7 Therefore, the fact that a state has provided a remedy against illegal state taxes by injunction does not authorize the federal courts to enjoin where the legal remedy is adequate. Id.

8. In general, the jurisdiction of equity to avoid multiplicity of actions at law is restricted to cases where there would otherwise b some necessity for the maintenance of numerous suits between the same parties, involving the same issues of law or fact. It does not extend to cases where there are numerous parties plaintiff and the issues between them and the adverse party are not necessarily identical. Id.

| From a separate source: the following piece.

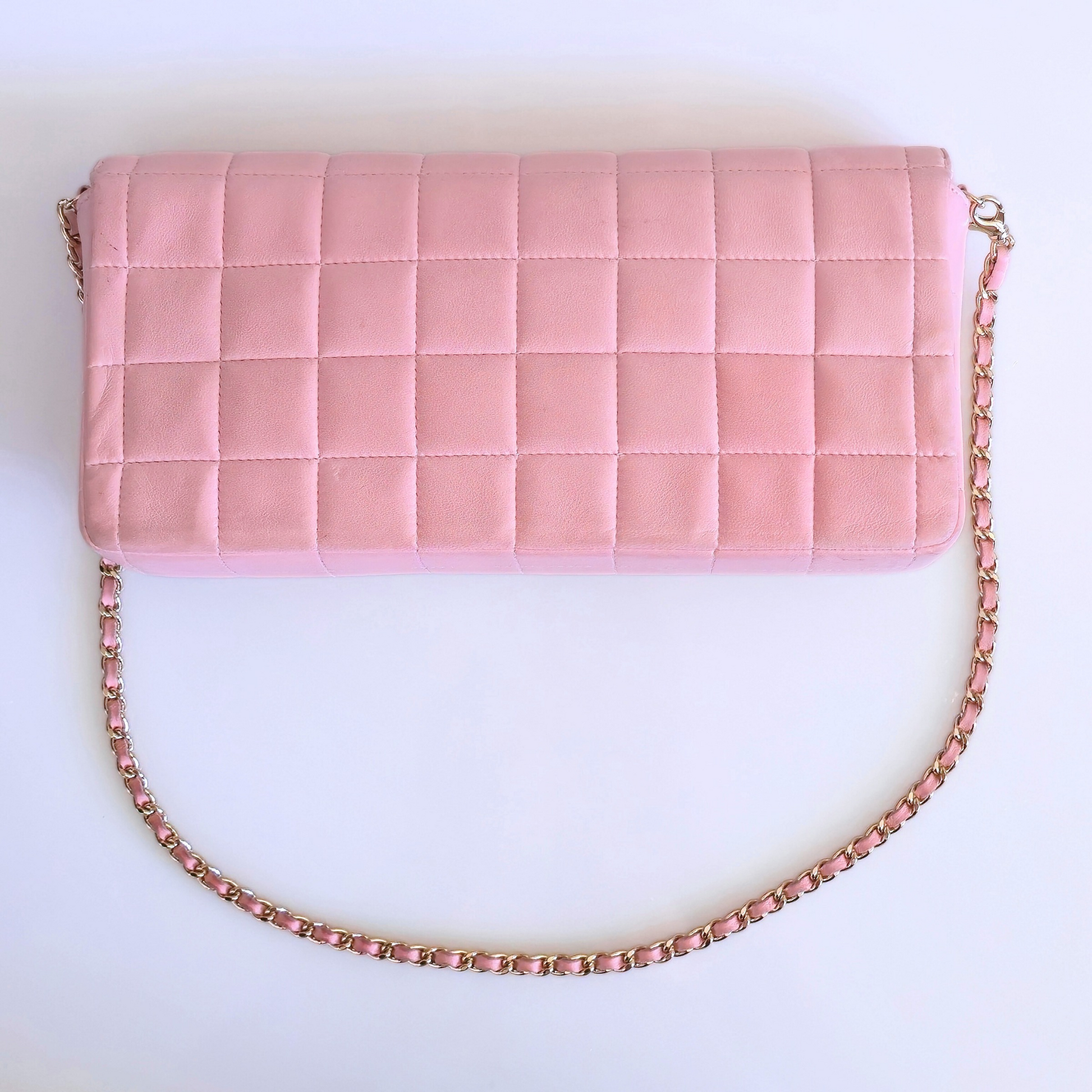 This beautiful, vintage Chanel East West Chocolate Bar Bag from 2003-2004 is a sweet find! 🍫 Crafted in a soft, ballet pink lambskin leather and with 24k plated gold hardware, this Chanel is sure to add elegance to any look. At around 10"W x 5"H x 1.5"D, it offers a spacious full leather interior with 2 open interior pockets and 1 lipstick pocket, and closes securely by a 24k gold-plated turn lock. The long, shining strap can be worn over the shoulder, or is detachable on one side and can be worn as a clutch or wristlet!
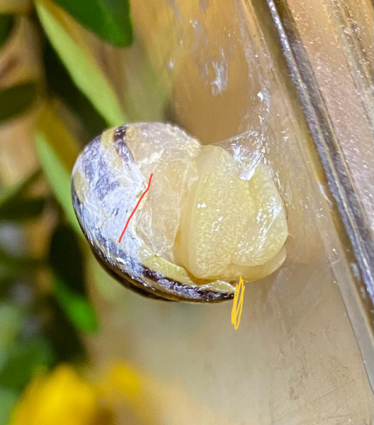 nabel- u unterseite scheint ganz gut repariert zu sein. und vorne am hauseingang hat sie auch eine harte u wohlgeformte schicht immerhin bis zur zweiten bruchkante (gelbe linie) gebaut.

9. Where the alleged unconstitutionality of a state tax depend in the case of each of many taxpayers upon its effect upon his particular business in interstate commerce, a suit by or on behalf of all to enjoin the collector cannot be supported as one to avoid a multiplicity of actions. P. 530.

Reversed.

Appeal from a decree of the District Court of three judges, which enjoined the county sheriff and ex officio tax collector and three members of the state Board of Tax Commissioners from collecting certain "privilege" taxes. The bill was filed by numerous plaintiffs on behalf of themselves and of all others similarly situated.

STONE, J., lead opinion

MR. JUSTICE STONE delivered the opinion of the Court.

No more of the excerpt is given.